The shocking revelations were made at a public hearing conducted by
the Senate Joint Committee on Public Service, Establishment and State
and Local Government Administration probing alleged corruption in the
management of the pension funds.
It was alleged that the suspects had stolen N24 billion of the police
pension fund through falsified documents. They were also alleged to
have withdrawn the said amount from the Budget Office for a pension
payment that required just N3.5 billion. It was also revealed that
whereas N5 billion was paid to the Office of the Head of Service monthly
for the payment of pensions, only N1.9 billion was actually required.
Another disclosure was that while 141,790 pensioners were registered
and listed on the government’s payroll, only 70,657 were genuine
pensioners.
Another scandalous revelation was that whereas the Police Pensions
Office collected N5 billion monthly as claims for its pensioners, it
actually needed N500 million. Illegal withdrawals were made by staff
using multiple cheques in fictitious names in excess of 30 cheques per
day to withdraw cash from their bankers amounting to over N14 billion.
Items recovered
Some of the looted funds have already been recovered. An employee of
the Police Pension Office reportedly turned in N1 billion cash while
another surrendered three luxury estates which consist of about 27
blocks of deluxe flats he built in Abuja. N2 billion cash was recovered
from a house belonging to a suspect, while hotels and fuel stations
belonging to other suspects have been confiscated by law enforcement
agencies.
There was also another twist to the scandal as fresh allegations
were made against the leader of the Pension Reforms Task Team (PRTT),
Abdulrasheed Maina, who investigated the scam. He was accused of
spending N240 million on a biometric exercise for less than 20 retirees
in the Diaspora and another N220 million on the local bio-data.

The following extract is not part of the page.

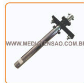
Comando / Punho de manobra rotativo (Cubículo Blindado)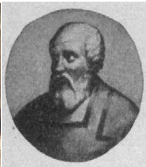
Papa Honorio II

The investigator was also alleged to have unilaterally opened three
accounts in different banks without recourse to extant financial rules
and approval from relevant authorities. One of the accounts was
domiciled in the account of his younger brother with a huge monthly
interest of over N100 million.
In his defence, Maina claimed that the money was spent on allowances
for foreign trips by 85 officials engaged for the exercise, including
top civil servants, top police officers and those of the Economic and
Financial Crimes Commission, EFCC.
The national embarrassment did not stop there as the chairman of the
committee probing the pension sector, Senator Aloysius Etok, and his
members are also busy defending themselves on an allegation that they
demanded huge bribes from the same pension task team.